> Exercise prompt
Write out the lines of the material below exactly, beginning at the line with "We love a puff" and stopping after the line with "Switchgrass SpiritsCommon Bond", and leave out the pictures.

> Excerpted data
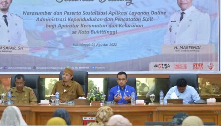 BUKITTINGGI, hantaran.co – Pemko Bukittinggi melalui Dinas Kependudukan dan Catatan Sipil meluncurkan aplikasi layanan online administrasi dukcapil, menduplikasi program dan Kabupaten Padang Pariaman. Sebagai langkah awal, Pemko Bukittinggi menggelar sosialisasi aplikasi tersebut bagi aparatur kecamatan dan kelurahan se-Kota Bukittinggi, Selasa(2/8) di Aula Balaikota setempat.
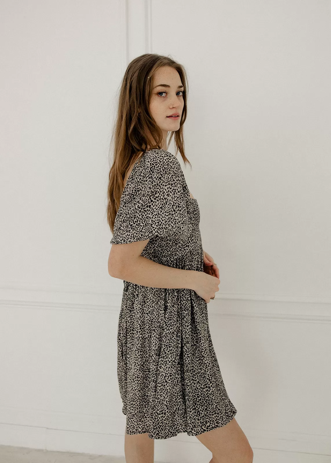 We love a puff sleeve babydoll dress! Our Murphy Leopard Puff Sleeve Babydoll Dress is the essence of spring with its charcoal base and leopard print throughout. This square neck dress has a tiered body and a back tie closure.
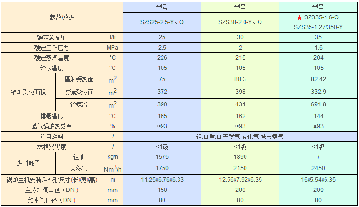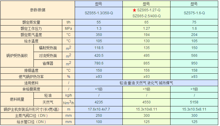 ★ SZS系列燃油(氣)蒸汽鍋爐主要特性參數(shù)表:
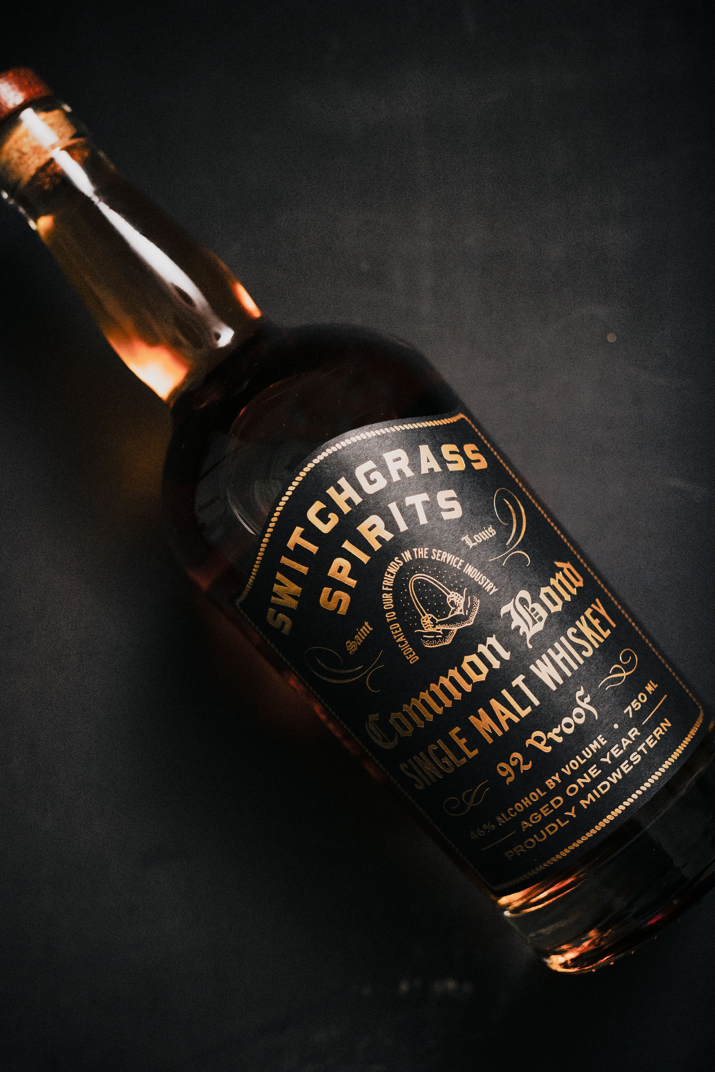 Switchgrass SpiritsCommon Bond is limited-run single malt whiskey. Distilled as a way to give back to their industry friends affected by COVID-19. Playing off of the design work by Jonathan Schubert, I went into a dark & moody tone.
--
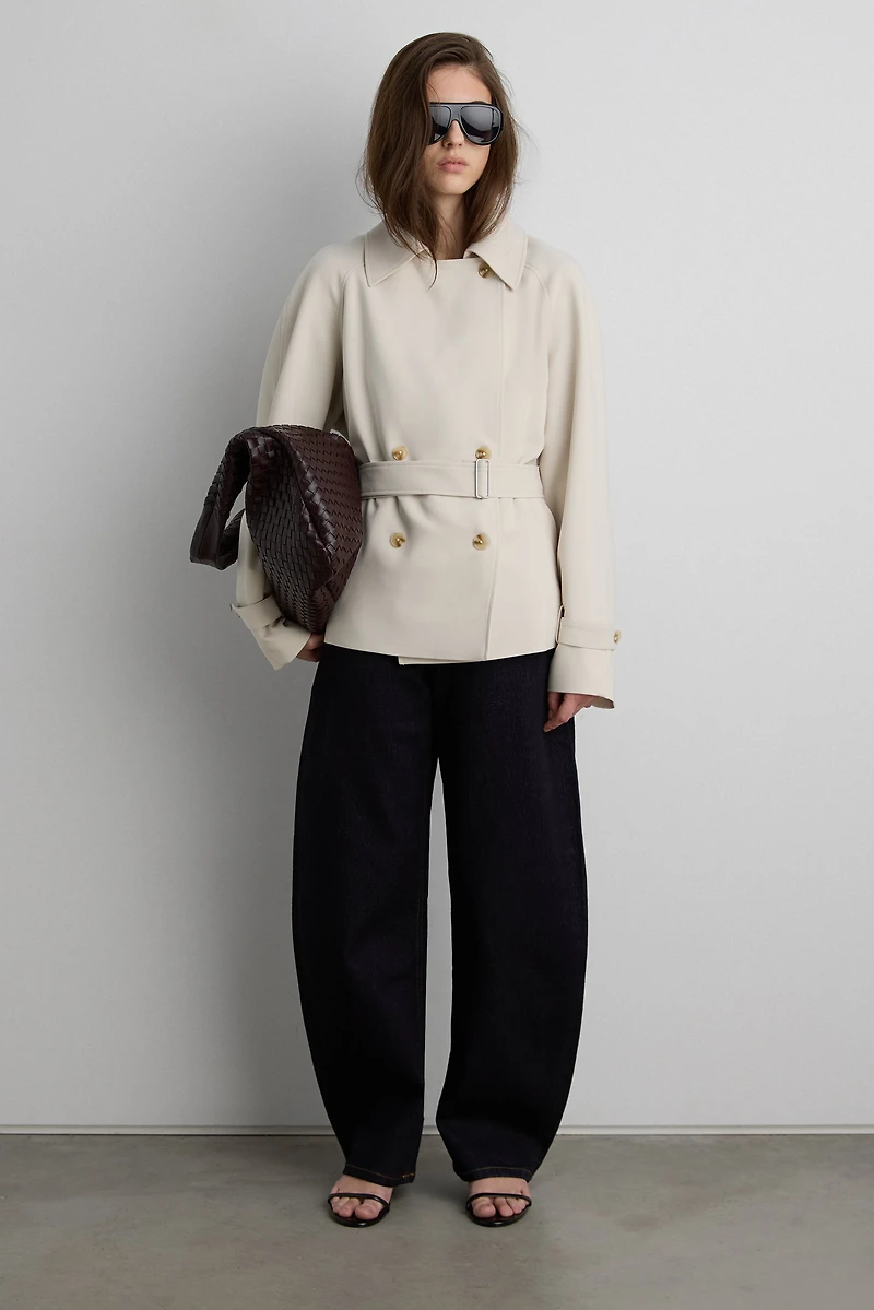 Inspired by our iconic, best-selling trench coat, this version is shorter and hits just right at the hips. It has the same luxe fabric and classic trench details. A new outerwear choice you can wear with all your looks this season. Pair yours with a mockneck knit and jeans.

> Exercise output
 We love a puff sleeve babydoll dress! Our Murphy Leopard Puff Sleeve Babydoll Dress is the essence of spring with its charcoal base and leopard print throughout. This square neck dress has a tiered body and a back tie closure.
 ★ SZS系列燃油(氣)蒸汽鍋爐主要特性參數(shù)表:
 Switchgrass SpiritsCommon Bond is limited-run single malt whiskey. Distilled as a way to give back to their industry friends affected by COVID-19. Playing off of the design work by Jonathan Schubert, I went into a dark & moody tone.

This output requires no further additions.